TX2 for edge computing

The objective is to achieve real time object detection at edge(vehicle counting/RLVD/ANPR/smart parking). We intend to connect 4 to 6 ip cameras(cat 6 cable preferably) on single Hardware. This requires at least 2 to 5 teraflops computation power to process atleast 10fps videos. The embedded board is to be deployed in outdoor installation and should be rugged enough to survive Indian conditions for smart city applications. It can be combination of either SBC with pci express slot to accommodate nvidia gtx970 or higher or can be combinatorial board like jetson tx2 developer kit.

We tried raspberry pi with movidius NCS but it isnt satisfactory.

Hi atishmungi2904,

Jetson TX2 is very suitable for such deployments. You can make a ruggedized sol with Jetson.
Also look at DeepStream SDK - [url]https://developer.nvidia.com/smart-cities[/url] to help you build your sol.

Cheerts

Something you may want to keep in mind with regard to Jetsons versus desktop PCIe video cards…the Jetsons already have a GPU capable of using a pre-trained model, but are not so good as a training device.

The GPU on the Jetson is integrated directly to the memory controller and is not PCIe.

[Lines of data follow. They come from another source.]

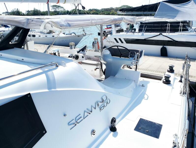 Designed by acclaimed naval architects Reichel Pugh, the Seawind 1600 Passagemaker blends comfort, safety and exceptional sailing performance. Her sleek profile, plumb bows and efficient hull design ensure fast, stable passages, while retractable daggerboards and rudders enable a shallow draft of just 65cm (2’ 1”), ideal for exploring remote, shallow anchorages.
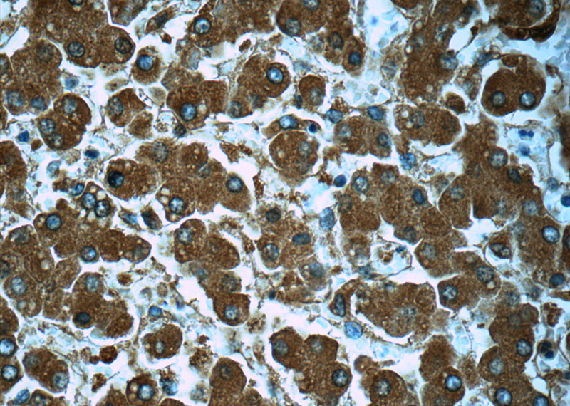 Immunohistochemistry of paraffin-embedded human liver tissue slide using Catalog No:107861(SERPINA3,AACT Antibody) at dilution of 1:50
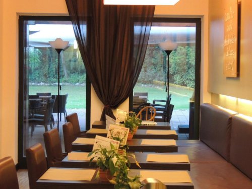 Le restaurant sert des plats traditionnels et internationaux dans une atmosphère confortable et discrète.
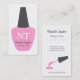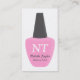 Um cartão de visita moderno e contemporâneo com uma garrafa cor-de-rosa do verniz para as unhas com espaço para a personalização do monograma. No reverso é a escova do verniz para as unhas. Excelente para maquilhadores, estilistas e aqueles nos negócios da beleza, do cabelo e do salão de beleza, dos termas, do pedicure e do manicure.
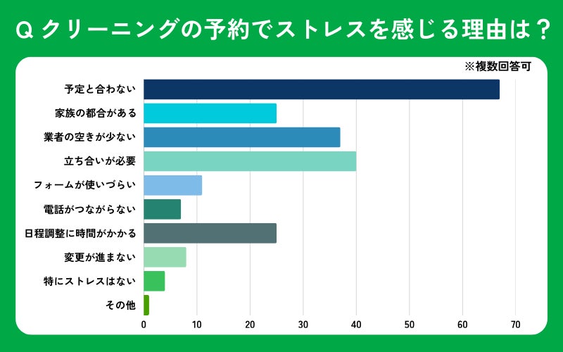 エアコンクリーニングの日程調整でストレスを感じる理由は何ですか?(複数選択可能)
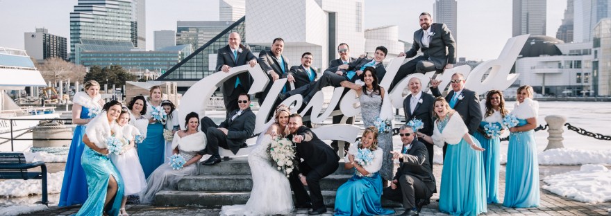 Kim & Jerry decided to do a first look, and for a photographer, this made me so happy!! By doing a first look, we were then able to get all of the bridal party portraits done before the ceremony. So, after the ceremony and family photos, it was party time at the reception! Kim was a smart planner, and got a permit for us to take photos in a gorgeous historic theater in downtown Cleveland, called Connor Palace in Playhouse Square, and it did not disappoint. I even got the bride and groom on stage! After the theater, we snapped a few in front of the Cleveland Chandelier, always wanted to do that. From there, we made our way to the Cleveland sign behind the Rock and Roll Hall of Fame.
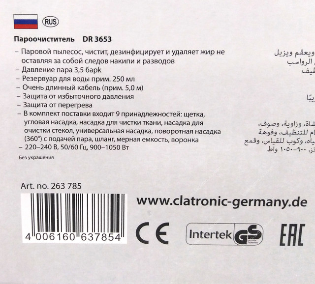 З пароочищувачем DR 3653 від Clatronic ви отримаєте ідеальний інструмент для прибирання будинку. Пароочисник очищає, знежирює і дезінфікує без залишків вапняного нальоту і чистячих смуг.
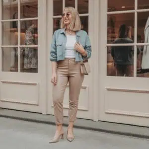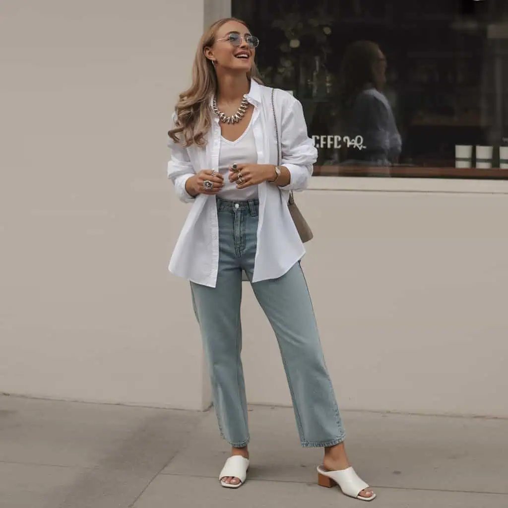 There’s something undeniably refreshing about combining a bold statement necklace with an open-collared shirt layered over a T-shirt This pairing invites a mix of structure and casual elegance. The crisp white shirt introduces a tailored feel, made even more interesting with the layered textures that a turtleneck provides. Straight-leg denim trousers ground the look, offering a touch of modernity. The white slip-on mules add ease, making the entire outfit effortlessly chic for any daytime adventure. When topped off with delicate rings and a crossbody bag, the bold necklace becomes a focal point, showcasing your knack for layering and ability to turn a casual ensemble into a statement of personal flair.
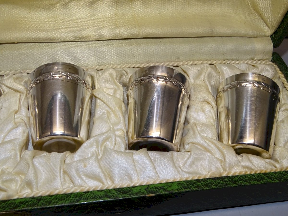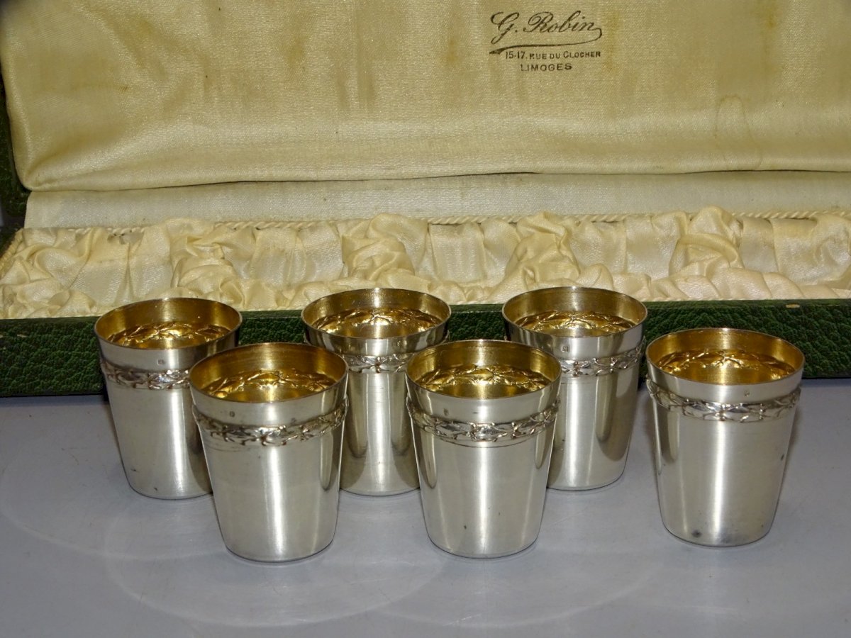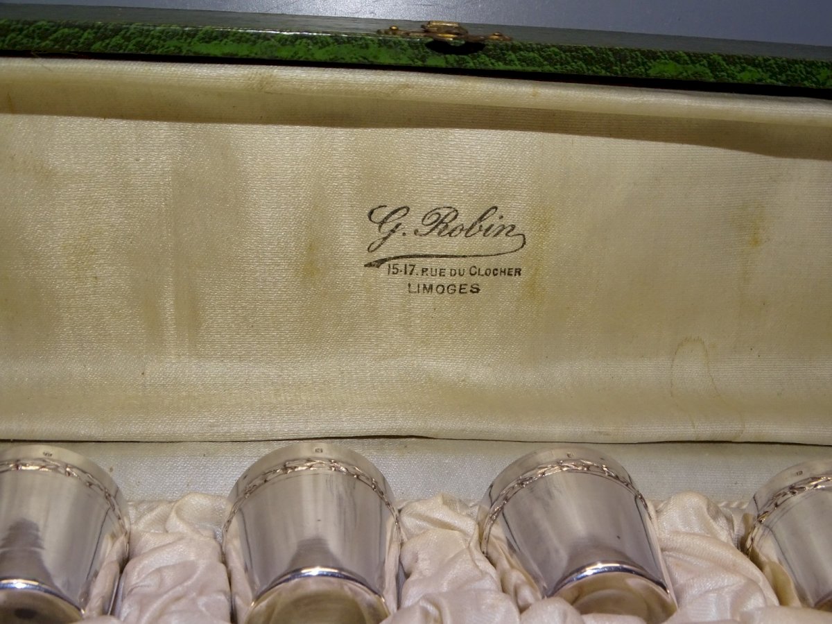 6 silver-plated shot glasses with a goldsmith's hallmark, it seems to be P.F. but subject to confirmation - in a green paper-covered case - the case has some wear and tear and small dark marks where the glasses were located - the silver-plated metal is in good used condition (see photos) - finds from an attic - Ref. 42141025/26 - Case dimensions 32.3 x 9 cm Height 5.5 cm - Glasses Height 3.9 cm Diameter 3.3 cm - Total Weight 354 g - SHIPPING via Mondial Relay OR Colissimo possible upon request - GUARANTEED very protective PACKAGING - PLEASE TAKE A CLOSE LOOK AT ALL the PHOTOS as THEY ARE AN INTEGRAL PART of the DESCRIPTION and ALLOW you to SEE the ITEM BEST - Material: Metal
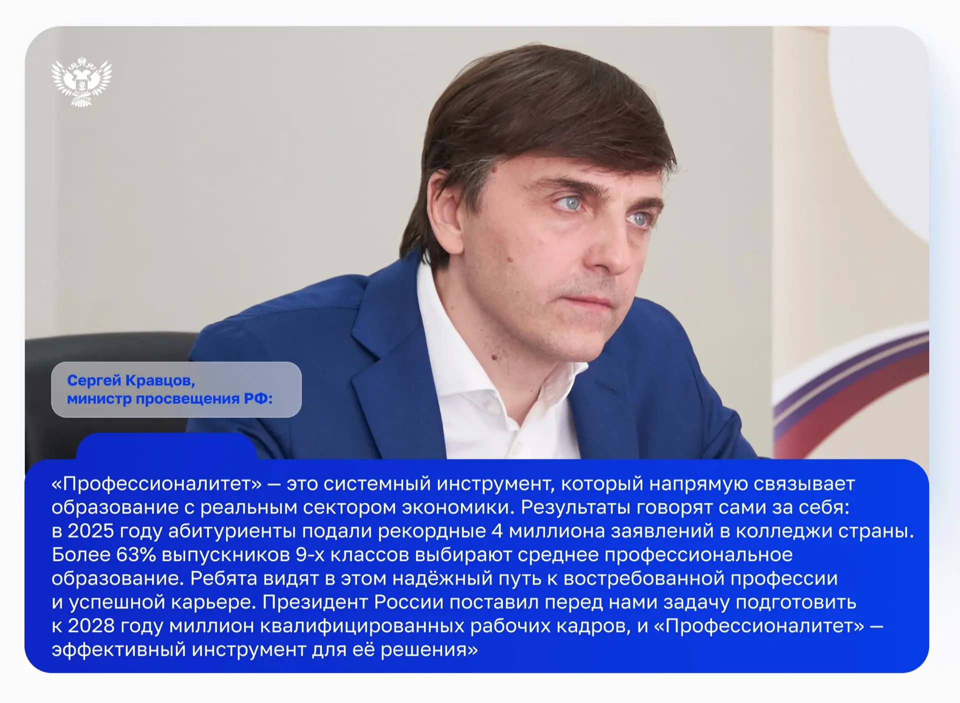 📣 Сергей Кравцов: Все показатели национальных проектов в части сферы образования достигнуты в полном объёме

Most (all?) of the video drivers you find for the PCIe GeForce video products are not for arm64/aarch64/ARMv8-a, and since the existing TX2 driver is not for PCIe, this implies using a GeForce board such as the gtx970 on the Jetson may not be possible. Even if you could do this it would destroy the ability to use the Jetson without a much bigger power supply. You will be better off training using something like the gtx970 on a desktop (PCIe with lots of power required), and then deploying the model to a TX2 (very little power required, wired straight to memory controller) without any kind of external GPU.